▶ Activity
Output every entry below exactly, without its pictures.

Segment Start: Supplied information

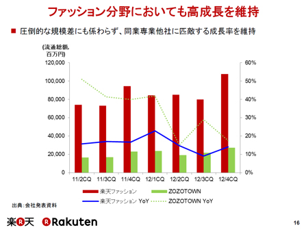 ちなみに楽天市場における12年のファッション関連商材の流通総額は3,567億円。右肩上がりを続けており、ファッションECサイト「ZOZOTOWN」の約4倍の規模だ。
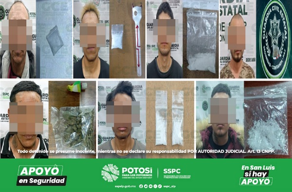 En el municipio de Ciudad Valles, Aureliano “N” de 22 años de edad, fue detenido con dos dosis de “cristal”, en la colonia Las Lomas; por su parte, en el municipio de Cerritos, en la localidad de Tepozán, Jair “N” de 21 años, fue detenido con una dosis de “cristal”; por su parte, en la colonia Del Sol, en el municipio de Rioverde, Isaías “N” de 29 años, fue asegurado con una dosis de marihuana; en el Ejido Puente del Carmen, Moisés “N” de 30 años, quedó detenido con una bolsa que contenía marihuana. Por último, en el municipio de Matehuala, Francisco “N” de 25 años de edad, fue detenido con tres dosis de “cristal”.
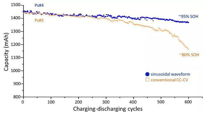 研究人員以電動車用電池容量低于80%就需汰換的標(biāo)準(zhǔn),來比較弦波充電法與傳統(tǒng)CC-CV充電法的電池電容量,并對電池以大電流充放電的方式來模擬電動車使用情境,由實驗結(jié)果可發(fā)現(xiàn)傳統(tǒng)CC-CV充電法于600次循環(huán)后就達80%容量,而使用弦波充電法的電池還有剩余95%的電容量,說明弦波充電法對于電池使用壽命上有延長的功效。
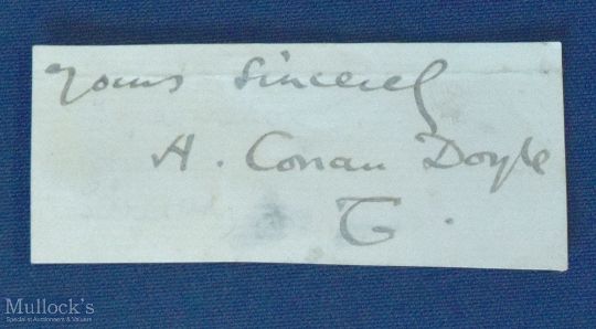 CONAN DOYLE (SIR ARTHUR) author of 'Sherlock Holmes' signature on a small slip of paper cut from a letter.
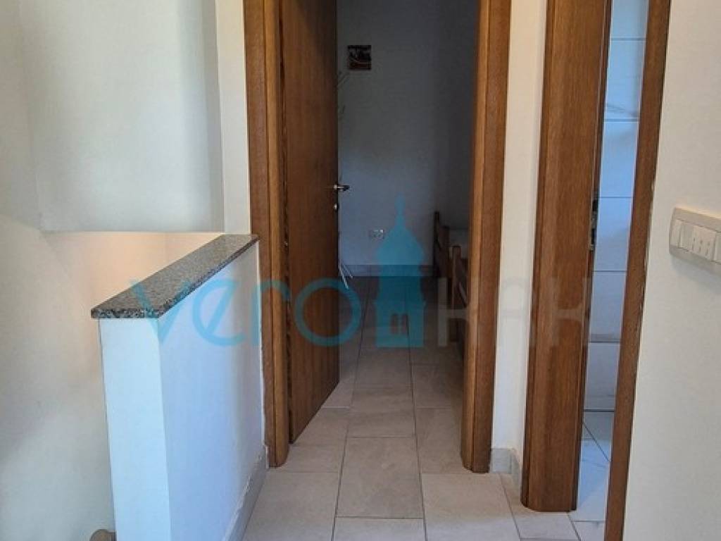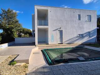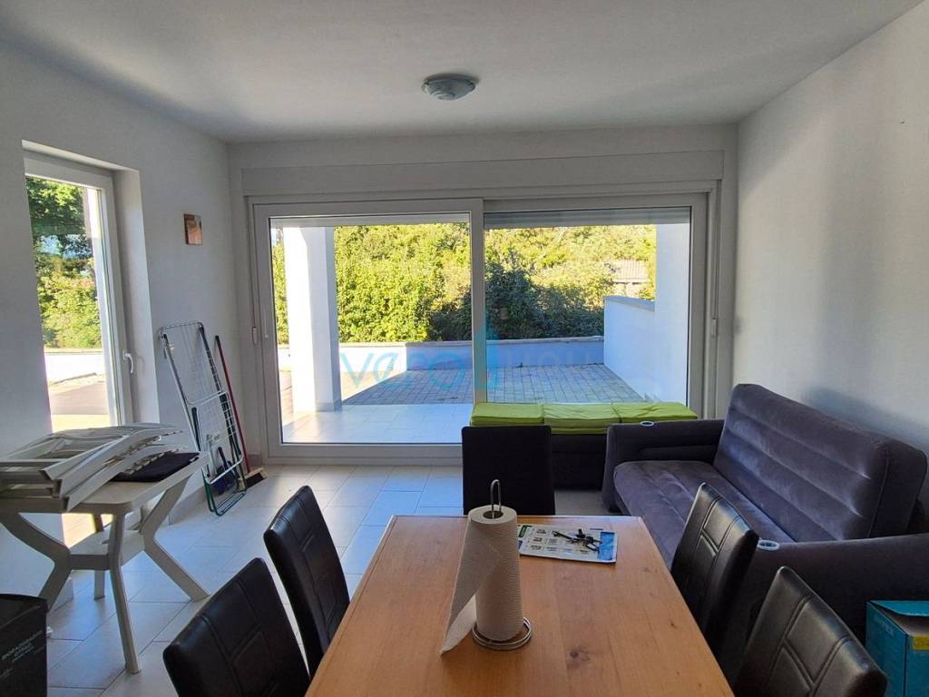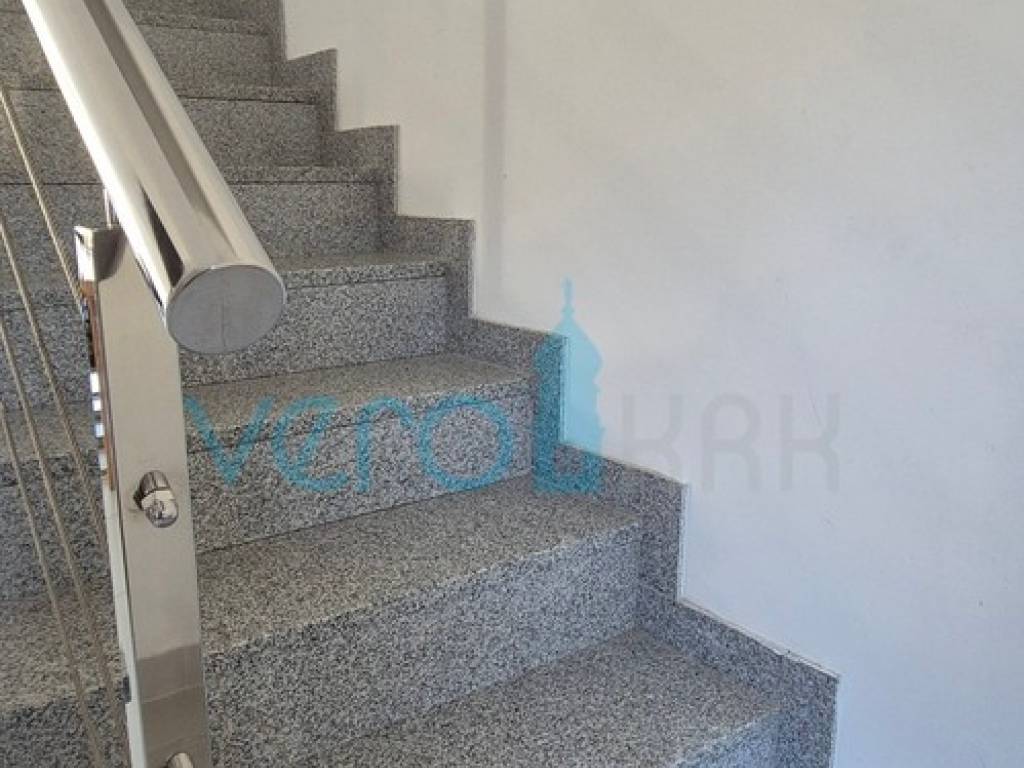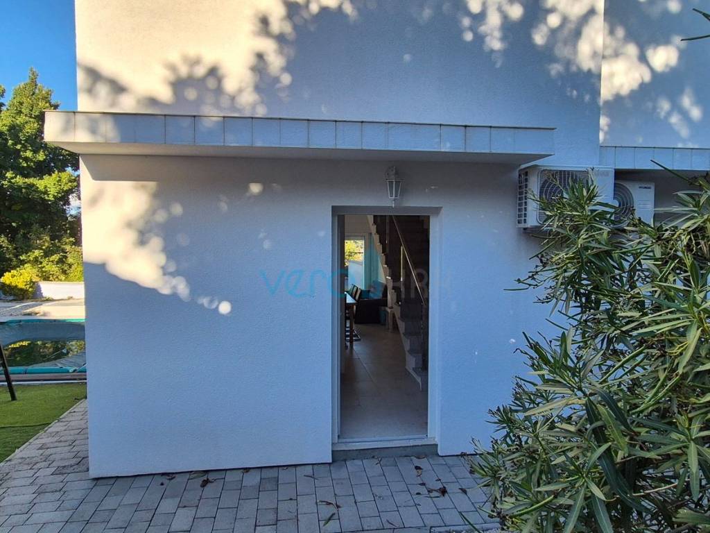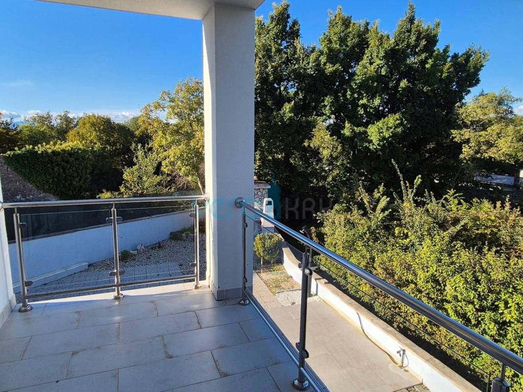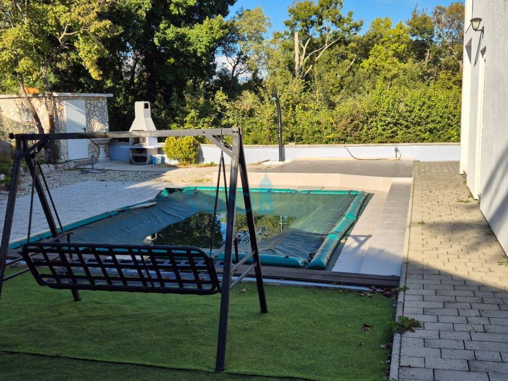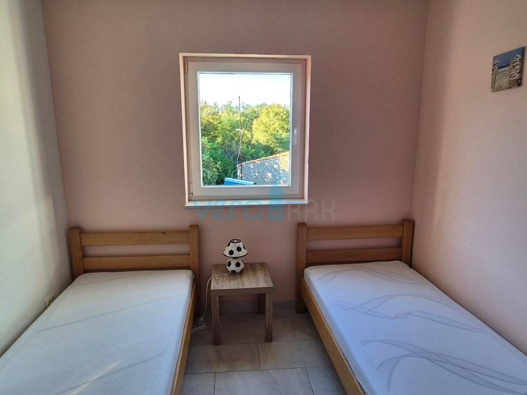 Otok Krk, Malinska, šira okolica, dvojna kuća s bazenom i okućnicom izgrađena 2017. godine u mirnom okruženju prirode u okolici Malinske. Stambeni prostor razveden na prizemlje i prvi kat, ukupne površine 78 m2. U prizemlju je dnevni boravak, kuhinja i blagovaonica,  WC-a i natkrivena terasa. Unutarnje stepenište povezuje prizemlje s prvim katom gdje je odvojen spavaći dio kuće s dvije spavaonice, kupaonicom i balkonom. Na uređenoj okućnici površine 200 m2 je parking za 2 automobila, pomoćni objekt, prostor za roštilj, terasa sa sunčalištem i bazen.

Segment End: Supplied information

▶ Answer to the exercise
 ちなみに楽天市場における12年のファッション関連商材の流通総額は3,567億円。右肩上がりを続けており、ファッションECサイト「ZOZOTOWN」の約4倍の規模だ。
 En el municipio de Ciudad Valles, Aureliano “N” de 22 años de edad, fue detenido con dos dosis de “cristal”, en la colonia Las Lomas; por su parte, en el municipio de Cerritos, en la localidad de Tepozán, Jair “N” de 21 años, fue detenido con una dosis de “cristal”; por su parte, en la colonia Del Sol, en el municipio de Rioverde, Isaías “N” de 29 años, fue asegurado con una dosis de marihuana; en el Ejido Puente del Carmen, Moisés “N” de 30 años, quedó detenido con una bolsa que contenía marihuana. Por último, en el municipio de Matehuala, Francisco “N” de 25 años de edad, fue detenido con tres dosis de “cristal”.
 研究人員以電動車用電池容量低于80%就需汰換的標(biāo)準(zhǔn),來比較弦波充電法與傳統(tǒng)CC-CV充電法的電池電容量,并對電池以大電流充放電的方式來模擬電動車使用情境,由實驗結(jié)果可發(fā)現(xiàn)傳統(tǒng)CC-CV充電法于600次循環(huán)后就達80%容量,而使用弦波充電法的電池還有剩余95%的電容量,說明弦波充電法對于電池使用壽命上有延長的功效。
 CONAN DOYLE (SIR ARTHUR) author of 'Sherlock Holmes' signature on a small slip of paper cut from a letter.
 Otok Krk, Malinska, šira okolica, dvojna kuća s bazenom i okućnicom izgrađena 2017. godine u mirnom okruženju prirode u okolici Malinske. Stambeni prostor razveden na prizemlje i prvi kat, ukupne površine 78 m2. U prizemlju je dnevni boravak, kuhinja i blagovaonica,  WC-a i natkrivena terasa. Unutarnje stepenište povezuje prizemlje s prvim katom gdje je odvojen spavaći dio kuće s dvije spavaonice, kupaonicom i balkonom. Na uređenoj okućnici površine 200 m2 je parking za 2 automobila, pomoćni objekt, prostor za roštilj, terasa sa sunčalištem i bazen.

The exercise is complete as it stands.